Analysis of genetic variation in human papillomavirus type 16 E1 and E2 in women with cervical infection in Xinjiang, China

Background

Xinjiang is one of the regions with a high incidence of cervical cancer, and the genetic variation of human papillomavirus may increase its ability to infect the human body and enhance virus-mediated immune escape ability.

Methods

Sanger sequencing of the HPV16 genome from 165 samples positive for HPV16 infection and phylogenetic analysis of the E1 and E2 genes revealed the gene polymorphism of HPV16 in Xinjiang.

Results

The results showed that there were 109 samples with variations in HPV16 E1, 48 sites with nucleotide variations (19 missense variations and 29 synonymous variations), and 91 samples with variations in HPV16 E2, 25 sites with nucleotide variations (20 missense variations and five synonymous variations).

Conclusions

From the phylogenetic tree results, 149 samples were of the European variant and 16 samples were of the Asian variant. No African or North American/Asian variant types were found.

Cervical cancer is one of the most common malignant tumors in women worldwide. According to the 2018 global cancer burden reported in the global cancer epidemiology database, the incidence and mortality of cervical cancer rank fourth among women [1]. The occurrence and development of cervical cancer are closely related to the development of the country and the economic and health conditions. As China is the most populous of developing countries, the number of patients with cervical cancer is still growing [2]. The incidence and mortality of cervical cancer in China vary from region to region, and the central and western regions are still the key areas of cervical cancer prevention and control in China [3]. The mortality rate in the western region is slightly higher than that in the central and eastern regions, which is related to the low rate of cervical cancer screening and high HPV (Human Papillomavirus) infection rate in the less developed regions. The positive rate for HPV in Xinjiang was 14.02%, and most cases involved HPV16, 18, 52 and 53 [4].
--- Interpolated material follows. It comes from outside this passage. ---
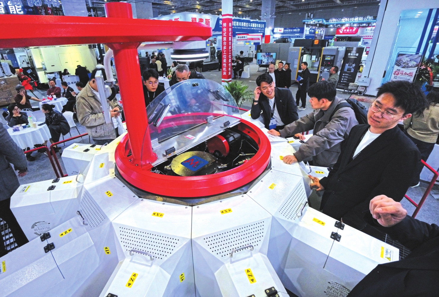 3月23日,参观者在一款转台式多工位柔性复合机床展品旁观看交流。

HPV infection is a recognized leading cause of cervical cancer worldwide [5]. According to the advance phylogenetic classification of HPV, the natural genetic variation of the virus is generally divided into four major variation lineages, the A lineage: European prototype EUR(A1-A3), Asian As(A4); B lineage: African type I (AF-1); C lineage: African type II (AF-2); D lineage: Asian-American type (AA) and North American type (NA) [6]. The epidemiology of infection with HPV strains in different countries and regions varies; the rate of infection with HPV16 in women in Xinjiang is high, and most of them are European strains [7, 8]. The HPV16 genome consists of six early genes (E1, E2, E4, E5, E6, E7), two late genes (L1, L2), and an upstream regulatory region (URR). E1 and E2 are highly conserved gene sequences that regulate viral genomic replication [9]. HPV E1, one of the most conservative proteins, plays a central role in initiating HPV DNA replication. The E2 protein is a key protein in the viral life cycle, and plays an important role in transcriptional regulation, initiation of DNA replication, and viral genome segmentation [10, 11]. The structure of the HPV16 E2 protein is similar to that of a typical transcription factor, with a trans-activation domain and a carboxy-terminal DNA-binding domain separated by a variable hinge region. At the origin of DNA replication, E2 interacts with the HPV E1 replication helicase to promote cellular DNA replication [12]. HPV E2, through interaction with chromatin adapter proteins, binds the viral free genome to the host mitotic staining system during the division of infected cells, playing an important role in the segmentation of the viral genome [13]. The deletion of the E2 structure of the HPV16 virus gives rise to worse clinical consequences in patients with HPV16-positive tumors [14]. The integration of viral DNA, the destruction of E1 or E2 gene, and the loss of the inhibitory activity of the E2 protein on the early promoter are important steps in the process of malignant transformation [15,16,17]. The E1 and E2 proteins of HPV16 play an important role in the process of HPV infection in host cells. Therefore, studying the impact of amino acids on HPV infection is of great significance for the occurrence and development of cervical cancer.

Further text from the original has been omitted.